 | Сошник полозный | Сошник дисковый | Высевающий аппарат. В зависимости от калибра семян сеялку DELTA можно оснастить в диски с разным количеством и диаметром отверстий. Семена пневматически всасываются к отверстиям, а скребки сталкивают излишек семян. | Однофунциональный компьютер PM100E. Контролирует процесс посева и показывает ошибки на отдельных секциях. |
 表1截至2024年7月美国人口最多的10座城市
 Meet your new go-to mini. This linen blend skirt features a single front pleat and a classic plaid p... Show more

==

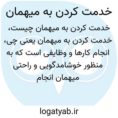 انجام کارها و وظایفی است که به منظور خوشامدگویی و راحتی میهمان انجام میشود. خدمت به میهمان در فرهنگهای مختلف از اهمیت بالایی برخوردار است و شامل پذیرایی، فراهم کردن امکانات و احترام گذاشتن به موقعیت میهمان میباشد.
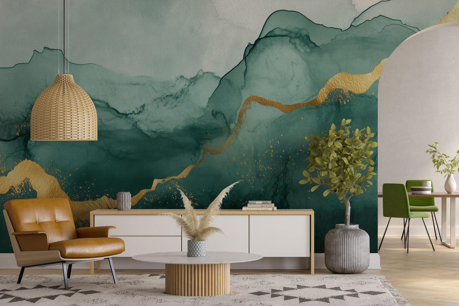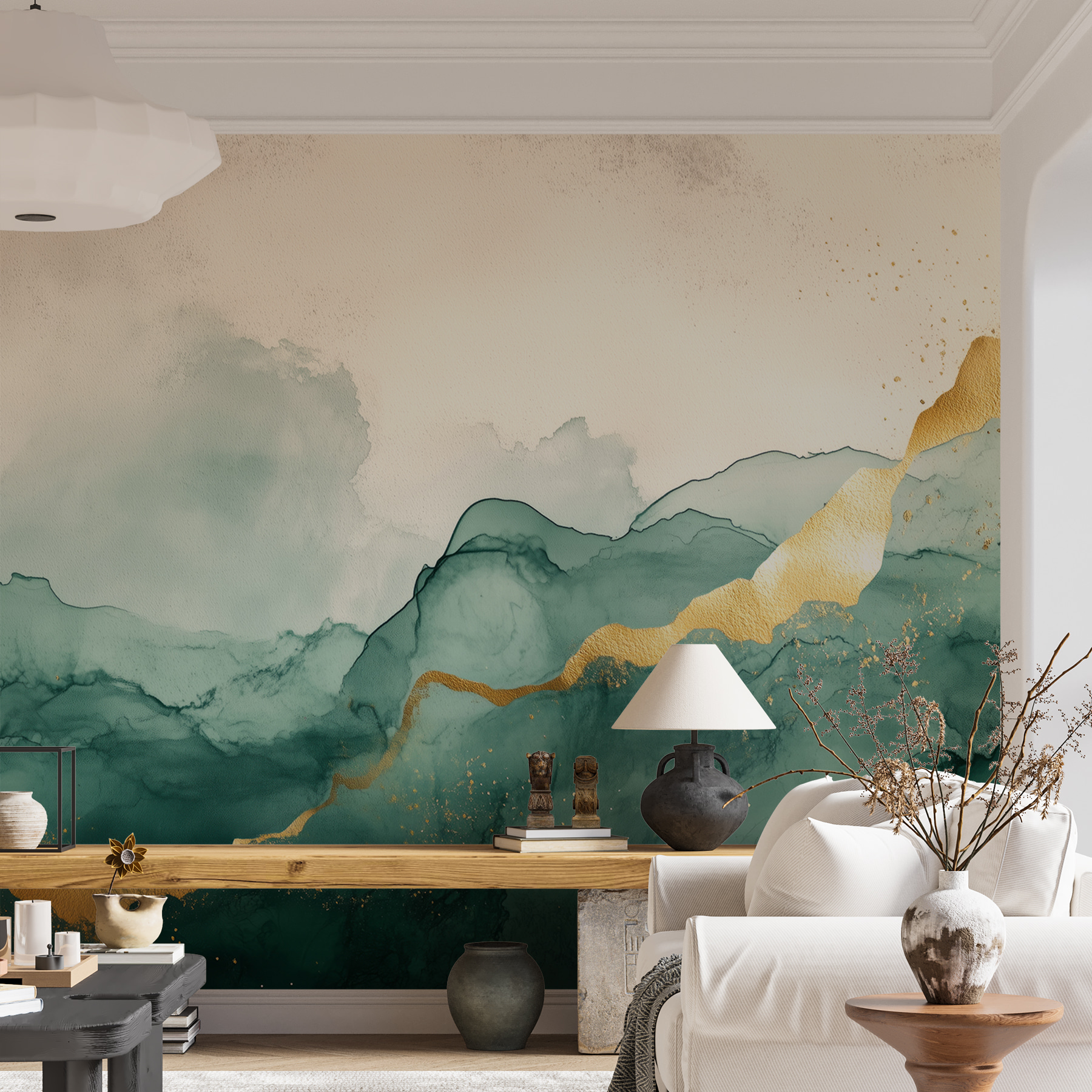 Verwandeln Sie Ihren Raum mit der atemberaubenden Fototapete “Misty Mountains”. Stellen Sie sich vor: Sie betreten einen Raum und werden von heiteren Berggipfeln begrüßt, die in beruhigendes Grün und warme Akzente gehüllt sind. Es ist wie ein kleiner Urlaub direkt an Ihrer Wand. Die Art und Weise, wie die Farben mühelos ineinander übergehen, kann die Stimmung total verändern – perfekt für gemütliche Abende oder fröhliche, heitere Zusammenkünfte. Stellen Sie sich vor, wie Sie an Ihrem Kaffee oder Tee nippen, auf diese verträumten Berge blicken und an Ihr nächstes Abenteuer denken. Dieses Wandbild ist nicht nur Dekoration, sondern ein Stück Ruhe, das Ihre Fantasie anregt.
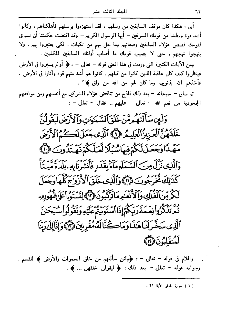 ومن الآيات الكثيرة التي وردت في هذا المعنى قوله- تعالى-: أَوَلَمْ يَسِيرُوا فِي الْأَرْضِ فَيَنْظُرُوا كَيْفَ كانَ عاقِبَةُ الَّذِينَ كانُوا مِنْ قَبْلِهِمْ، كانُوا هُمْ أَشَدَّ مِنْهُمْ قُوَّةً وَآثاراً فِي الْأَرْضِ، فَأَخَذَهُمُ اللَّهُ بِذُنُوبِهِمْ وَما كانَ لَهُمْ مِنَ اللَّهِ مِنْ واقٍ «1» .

About this exercise
Output the lines above between the one holding "表1截至2024年7月美国人口最多的10座城市" and the one holding "Meet your new", inclusive, with nothing before or after them.

Answer space
 表1截至2024年7月美国人口最多的10座城市
 Meet your new go-to mini. This linen blend skirt features a single front pleat and a classic plaid p... Show more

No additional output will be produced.